• _Your goal_
Exactly reproduce the lines of the listing below from the one containing "en polyéthylène, appropriées" through the one containing "Cua biển bám". Skip the images.

• _Material for the task_
########

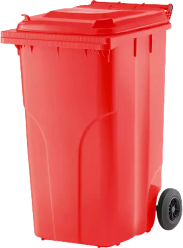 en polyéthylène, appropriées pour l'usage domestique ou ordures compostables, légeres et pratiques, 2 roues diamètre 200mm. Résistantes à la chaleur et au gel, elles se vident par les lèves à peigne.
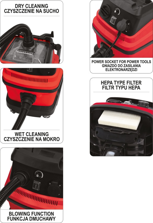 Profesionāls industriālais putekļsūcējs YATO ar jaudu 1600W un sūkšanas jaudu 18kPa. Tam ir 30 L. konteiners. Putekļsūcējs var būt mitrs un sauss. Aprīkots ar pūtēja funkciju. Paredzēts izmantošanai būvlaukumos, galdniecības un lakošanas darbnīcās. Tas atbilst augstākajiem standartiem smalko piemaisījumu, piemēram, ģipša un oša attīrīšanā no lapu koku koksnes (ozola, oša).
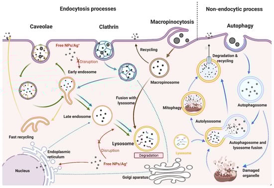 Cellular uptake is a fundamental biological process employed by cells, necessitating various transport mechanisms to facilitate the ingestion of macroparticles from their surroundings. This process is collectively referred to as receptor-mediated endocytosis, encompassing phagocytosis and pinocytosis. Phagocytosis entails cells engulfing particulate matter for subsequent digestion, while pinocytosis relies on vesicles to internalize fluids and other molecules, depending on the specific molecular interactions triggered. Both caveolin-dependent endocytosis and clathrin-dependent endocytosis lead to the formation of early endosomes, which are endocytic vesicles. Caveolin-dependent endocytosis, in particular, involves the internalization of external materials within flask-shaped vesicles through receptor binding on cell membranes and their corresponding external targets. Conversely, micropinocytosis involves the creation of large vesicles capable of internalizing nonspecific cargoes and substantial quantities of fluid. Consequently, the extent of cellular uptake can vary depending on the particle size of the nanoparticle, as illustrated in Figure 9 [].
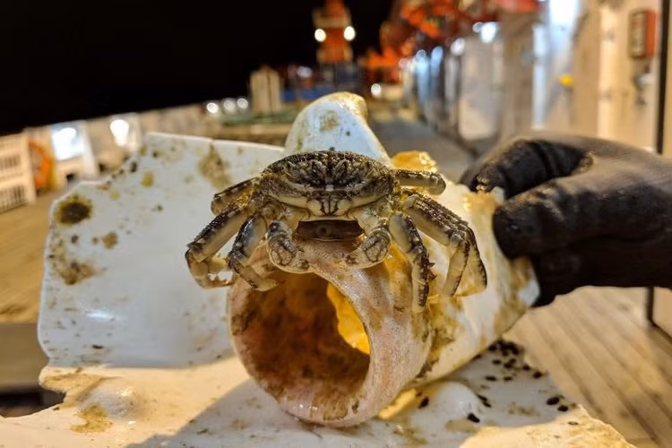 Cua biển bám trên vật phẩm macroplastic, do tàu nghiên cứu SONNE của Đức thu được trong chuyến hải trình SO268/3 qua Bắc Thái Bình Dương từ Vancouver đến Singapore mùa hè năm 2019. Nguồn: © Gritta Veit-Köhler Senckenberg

########

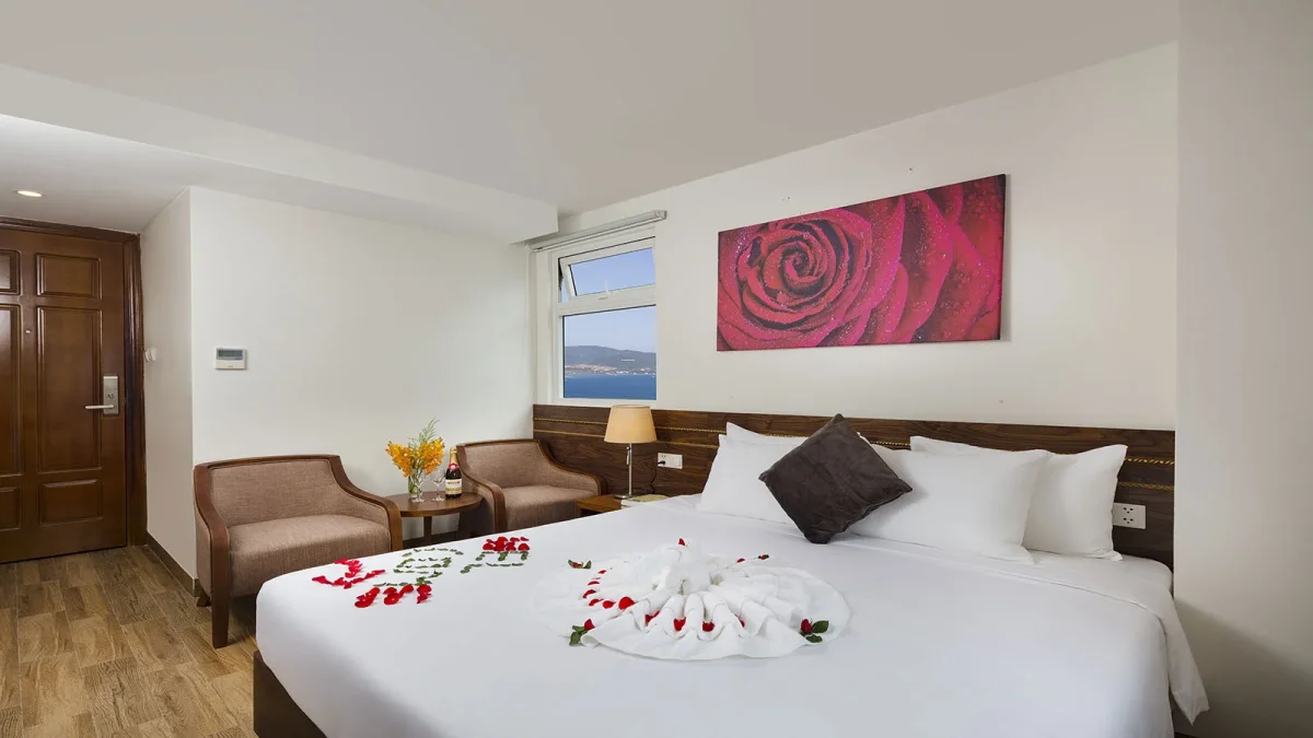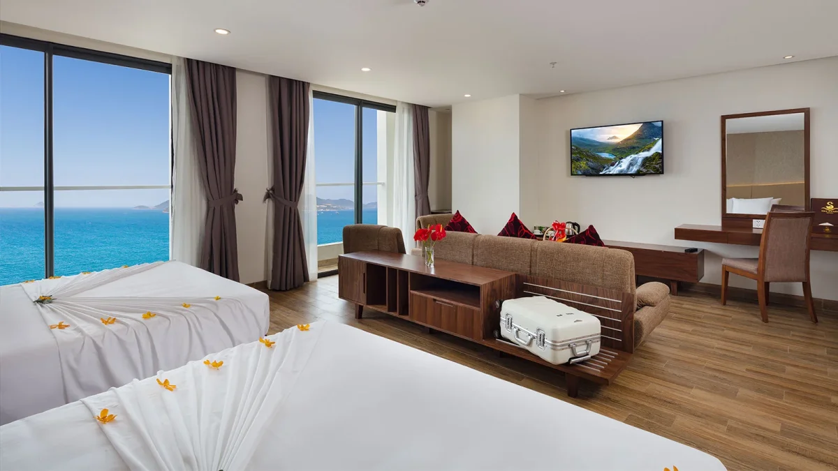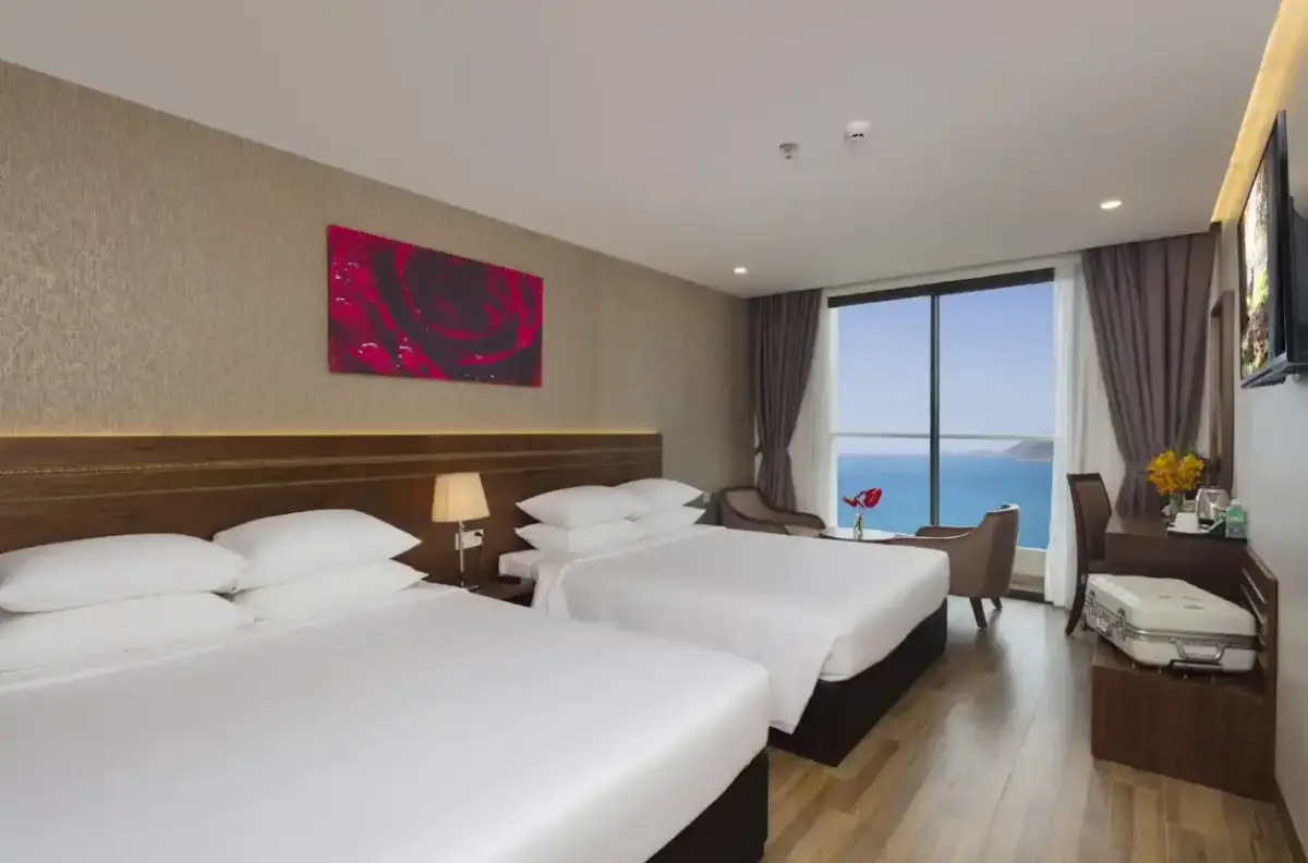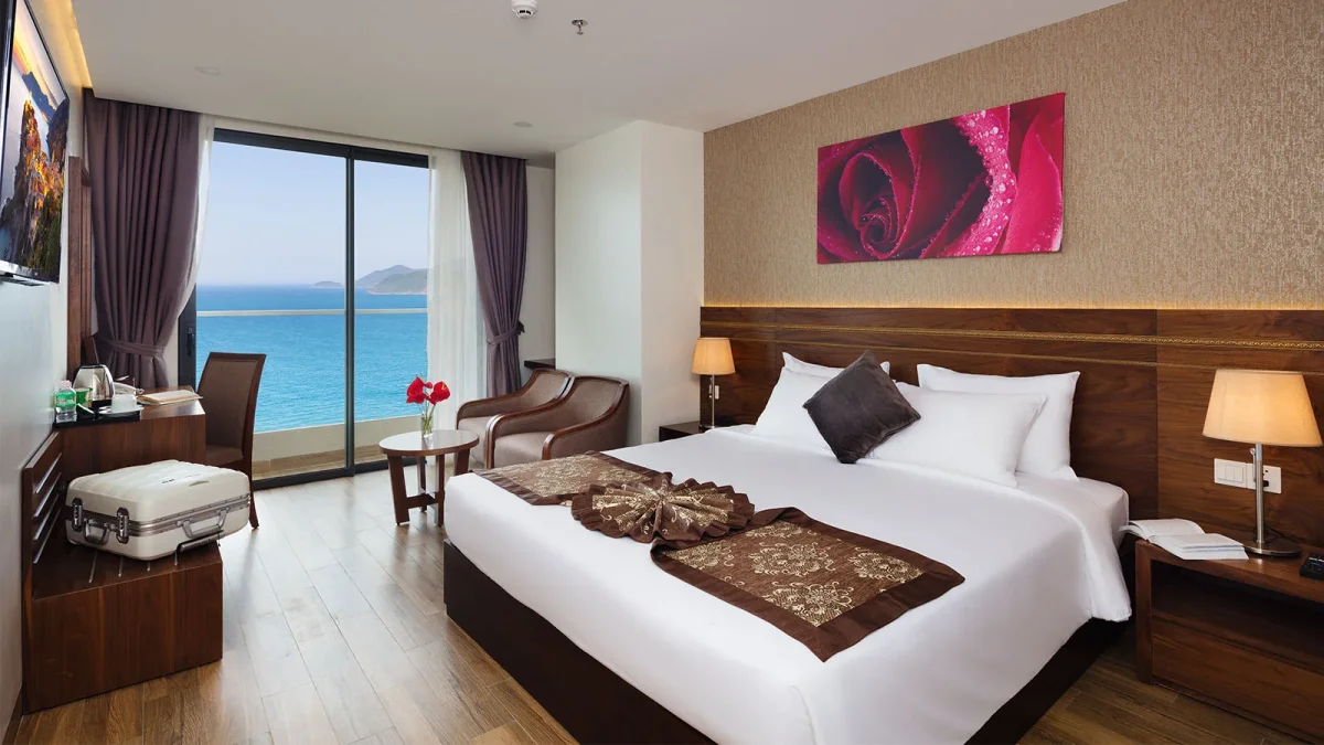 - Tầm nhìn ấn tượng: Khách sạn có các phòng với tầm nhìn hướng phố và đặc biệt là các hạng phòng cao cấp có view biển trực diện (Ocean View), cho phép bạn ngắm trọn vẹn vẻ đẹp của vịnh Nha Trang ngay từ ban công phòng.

########

• _Response to this exercise_
 en polyéthylène, appropriées pour l'usage domestique ou ordures compostables, légeres et pratiques, 2 roues diamètre 200mm. Résistantes à la chaleur et au gel, elles se vident par les lèves à peigne.
 Profesionāls industriālais putekļsūcējs YATO ar jaudu 1600W un sūkšanas jaudu 18kPa. Tam ir 30 L. konteiners. Putekļsūcējs var būt mitrs un sauss. Aprīkots ar pūtēja funkciju. Paredzēts izmantošanai būvlaukumos, galdniecības un lakošanas darbnīcās. Tas atbilst augstākajiem standartiem smalko piemaisījumu, piemēram, ģipša un oša attīrīšanā no lapu koku koksnes (ozola, oša).
 Cellular uptake is a fundamental biological process employed by cells, necessitating various transport mechanisms to facilitate the ingestion of macroparticles from their surroundings. This process is collectively referred to as receptor-mediated endocytosis, encompassing phagocytosis and pinocytosis. Phagocytosis entails cells engulfing particulate matter for subsequent digestion, while pinocytosis relies on vesicles to internalize fluids and other molecules, depending on the specific molecular interactions triggered. Both caveolin-dependent endocytosis and clathrin-dependent endocytosis lead to the formation of early endosomes, which are endocytic vesicles. Caveolin-dependent endocytosis, in particular, involves the internalization of external materials within flask-shaped vesicles through receptor binding on cell membranes and their corresponding external targets. Conversely, micropinocytosis involves the creation of large vesicles capable of internalizing nonspecific cargoes and substantial quantities of fluid. Consequently, the extent of cellular uptake can vary depending on the particle size of the nanoparticle, as illustrated in Figure 9 [].
 Cua biển bám trên vật phẩm macroplastic, do tàu nghiên cứu SONNE của Đức thu được trong chuyến hải trình SO268/3 qua Bắc Thái Bình Dương từ Vancouver đến Singapore mùa hè năm 2019. Nguồn: © Gritta Veit-Köhler Senckenberg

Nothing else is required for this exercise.